Use Custom Payload Formats#

With GenAI-Perf, you can customize how input data is formatted into payloads using templates. This allows you to define how payloads are structured when sent to an inference server.

This feature is only available for Triton.

These provide less customizability than a customizable frontend, which is used when more endpoint-specific logic is necessary. Templates are used when the only change necessary is specifying a custom payload schema.

Table of Contents#

Use a Named Template (Predefined)
Use a Custom Template (Fully Customizable)

Use a Named Template #

GenAI-Perf provides common built-in templates to simplify request formatting. You can find these in NAMED_TEMPLATES in the class template_converter.
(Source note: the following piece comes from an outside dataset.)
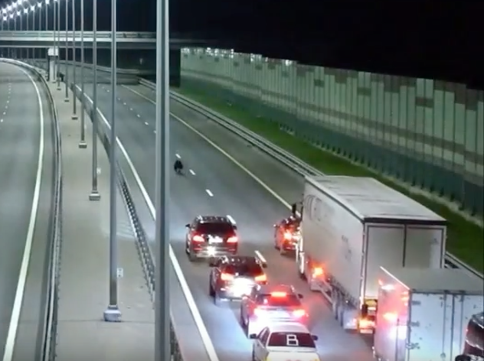 Маленький медвежонок умудрился собрать «самую милую пробку» на автомагистрали М-11 «Нева».

One such template is nv-embedqa, which structures requests for embedding-based models.

Example: Use the nv-embedqa Named Template#

Run the following command:

genai-perf profile \
  --model MY_MODEL \
  --endpoint-type template \
  --num-payloads 2 \
  --extra-inputs payload_template:nv-embedqa

Result#

GenAI-Perf will use the nv-embedqa template to format the input data.

After conversion, the inputs.json file would look similar to this:

{
    "data": [
        {"text": ["example1"]},
        {"text": ["example2"]}
    ]
}

Use a Custom Template #

Sometimes, you may have a custom payload format. Custom templates allow you to benchmark using GenAI-Perf.

Here is an example template:

    {% for item in texts %}
        {"custom_key": [{{ item|tojson }}]}{% if not loop.last %},{% endif %}
    {% endfor %}

This tells GenAI-Perf to format input texts like:

[
    {"custom_key": ["example1"]},
    {"custom_key": ["example2"]}
]

If you the above template is saved in custom_template.jinja, you can run the command:

genai-perf profile \
  --model MY_MODEL \
  --endpoint-type template \
  --num-payloads 2 \
  --extra-inputs payload_template:custom_template.jinja